Anche a me viene molto naturale usarlo e notare se qualcuno non lo usa dove andrebbe usato.


----------



## marcop_fr

_O voi che siete in piccoletta barca,_​_desiderosi d’ascoltar, seguiti_​_dietro il mio legno che cantando varca,_​_tornate a riveder li vostri liti:_​_Non vi mettete in pelago, *ché* forse,_​_perdendo me, rimarreste smarriti._​_L’acqua ch’io prendo giammai non si corse:_​_Minerva spira, e conducemi Apollo,_​_e nove Muse mi dimostran l’Orse._​_ _​*Dante,  Paradiso Canto II *​ 

E confesso che pur'io, alle volte, lo utilizzo... Ma, certo, solo nei miei scritti più schiettamente "sorvegliati"


----------



## facciadipietra

Fra tutte le osservazioni già espresse, io ritengo giuste le seguenti:
1) "ché" (accentato) è letterario antico/affettato (sempre in luogo della forma non accorciata “perché”)
2) "che" (senza accento) oltre, ovviamente, alle dichiarative introduce anche subordinate con valore  causale, consecutivo, *limitativo *ecc. ecc. ecc. (cfr. Serianni citato da giovannino, qui sopra), alcune (bisogna valutare frase per frase) adatte solo al registro colloquiale e quando si vuole ricorrere a una prosa espressiva (es.: chiamami che ti devo dire una cosa; copriti che fa freddo).  
 Appunto perché simili frasi sono proprie del parlato quando si vuole riprodurle nello scritto è quanto mai sconsigliabile l’uso di “ché”, connotato come aulico e poetico, e che a un lettore esperto verrebbe da leggere con la tradizionale enfasi, o meglio con “tono *particolarmente* vibrato” (Devoto-Oli 2007). Infatti tutti riconosceranno che in frasi pronunciate quotidianamente come “chiamami che ti devo dire una cosa” e “copriti che fa freddo” il “che” non viene per niente enfatizzato.


----------



## Wonder_Donnie

Nella Divina Commedia, Dante fa ricorso a *"ché"*, non mi pare abbia mai usato "_perché_". "'_ché_" assolutamente non esiste


----------



## Blechi

gabrigabri said:


> Chiamami che ti dico una cosa
> 
> il che si scrive con o senza accento? A me verrebbe da scriverlo con l'accento, visto che sta (o starebbe) per "perché". Però a quel punto bisognerebbe scriverlo 'ché?


 
Trattandosi dell'aferesi di _perché, affinché, acciocché, cosicché_, è corretto scrivere _ché_.


----------



## zipp404

Ho una domanda riguardo al valore della congiunzione *ché* in una frase di Ippocrate di Coo.
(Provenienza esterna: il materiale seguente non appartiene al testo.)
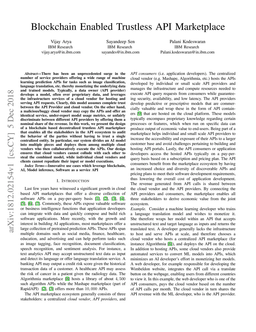 There has been an unprecedented surge in the number of service providers offering a wide range of machine learning prediction APIs for tasks such as image classification, language translation, etc. thereby monetizing the underlying data and trained models. Typically, a data owner (API provider) develops a model, often over proprietary data, and leverages the infrastructure services of a cloud vendor for hosting and serving API requests. Clearly, this model assumes complete trust between the API Provider and cloud vendor. On the other hand, a malicious/buggy cloud vendor may copy the APIs and offer an identical service, under-report model usage metrics, or unfairly discriminate between different API providers by offering them a nominal share of the revenue. In this work, we present the design of a blockchain based decentralized trustless API marketplace that enables all the stakeholders in the API ecosystem to audit the behavior of the parties without having to trust a single centralized entity. In particular, our system divides an AI model into multiple pieces and deploys them among multiple cloud vendors who then collaboratively execute the APIs. Our design ensures that cloud vendors cannot collude with each other to steal the combined model, while individual cloud vendors and clients cannot repudiate their input or model executions.

_*ché*_ è la congunzione _*che*_ adoperata col senso di _perché _*1.*  interrogativo:   _padre mio, ché non mi auiti?_ (Dante); oppure *2.* causale: _teneva le mani in tasca ché sentiva freddo_. [Treccani]

Nella seguente citazioine di Ippocrate di Coo però il valore di 'ché' non è né interrogativo né causale.  
Non sembra neppure avere il valore temporale di *quando*  come, ad esempio, in questa frase: E la vita comincia *ché* siamo troppo giovani per capire [Tamaro]  --->  E la vita comincia *quando *siamo troppo giovani per capire.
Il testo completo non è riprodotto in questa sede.